While the article was accurate in pointing out the problem, I think it totally missed the solution. Bullies have used the put-down tactic forever.  Remember all that cutting out with nasty, sarcastic comments, especially through junior and senior high school?  Girls master this technique and boys wield it effectively also.  If you’re not in the “right” group you’re scorned and shunned relentlessly.  Even current celebrities like Miley Cyrus, Demi Lovato and Taylor Lautner talk about being the targets of this type of bullying in their school days.

Of course putting-down and cutting out rotten.  But it’s not only kids who do it.  As Amy Harris points out, working mothers often give no respect to women who stay home to be full-time mothers of their children.

Don’t waste time analyzing why people put-down others.  That path won’t get you anywhere.  Don’t waste time wanting laws to prevent people from putting down others.  A legal solution also won’t get you anywhere except in the case of public statements about people in certain protected categories.
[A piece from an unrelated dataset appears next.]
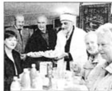
Bei Gebäck und Saft informierten sich gestern viele Kieler in den Moscheen über den Islam.

Der Boden der Moschee ist mit Matten oder Teppichen ausgelegt. Vor dem Eintreten zieht man sich die Schuhe aus, damit kein Schmutz von draußen die Moschee verunreinigt. Fächer oder Ablagen zur Aufbewahrung der Schuhe stehen bereit. Für die rituellen Waschungen vor dem Pflichtgebet findet man in den meisten Moscheen auch Waschgelegenheiten vor.

The real solution lies in you.  When other people don’t respect you, look at the source and the possible consequences.  Don’t take it personally, but also don’t let it go by without saying or doing something in return.

So, what can you do?  First, you have to be strong in your own judgment of the path you’ve chosen.  Being a full-time mother is a wonderful path.  Work is necessary, but for most of us raising children is our most important and fulfilling task.  I hope your children will grow up wise enough to appreciate your dedicated mothering when they’re adults.  Not because you made a great “sacrifice” but because you made a wonderful, life-affirming choice and the children you love could reap the benefits.

Instead of taking other people’s judgments personally, go through the world testing other people to see if they rise enough in your estimation for you to keep them on your island.  I hope you find wanting anyone who puts you down for choosing to be a full-time mother.  Their choice to put-down mothers shows their lack of good sense.  Don’t allow the judgment of people without good sense to be important to your confidence or self-esteem.  Don’t let their judgment cause you self-doubt or negative self-talk.  And don’t let them stay in your life.  Instead, surround yourself with people who champion mothers.

I also said that you shouldn’t let their put-downs pass.  Stopping bullies begins when you understand that real-world bullies don’t take your politeness or minimizing or ignoring them as a sign that you’re morally superior or inviting their friendship.  Relentless bullies aren’t stopped by minimizing, ignoring, begging, bribing or appeasement.  Dedicated bullies take the Golden Rule as a sign that you’re weak and also as an invitation to prey on you more.  Doing nothing when you’re the target of relentless bullies is like holding up a sign saying that you’re a victim.

Almost every woman I’ve ever talked to who was taught by a well-meaning mother that she should feel sorry for the inner emptiness, low self-esteem and inner pain of the nasty girls who hurt them that she should ignore and rise above the catty remarks and hatred, now regrets their passivity.  They feel keenly their lack of empowerment and bear the scars of their supposedly virtuous martyrdom.  They wish that their mothers had trained them to fight back skillfully; verbally or physically.

There are many tactics you might try in response to put-downs; depending on you, them and the situation.  Some mothers form their own cliques of supportive mothers.  Others write responses on cue-cards and memorize them for delivery at the right moment.  Some responses are sarcastic put-downs directed toward the women who don’t appreciate mothers or who aren’t satisfied and even joyous with the opportunity to raise children.  Others merely comment on lives wasted at work.  Others use pity: “I’m so sorry that you’re the kind of person who’s not fulfilled and doesn’t set a better example for your daughter (or son).”

I want to recognize an important truth that we often overlook.  We know that we’re doing the right thing successfully when some people (“jerks) don’t like us and scorn our work and its value.  People who put-down full-time mothers fall into that category.  Don’t care what they think; don’t desire their respect.  Instead, get them off your island and let them know it.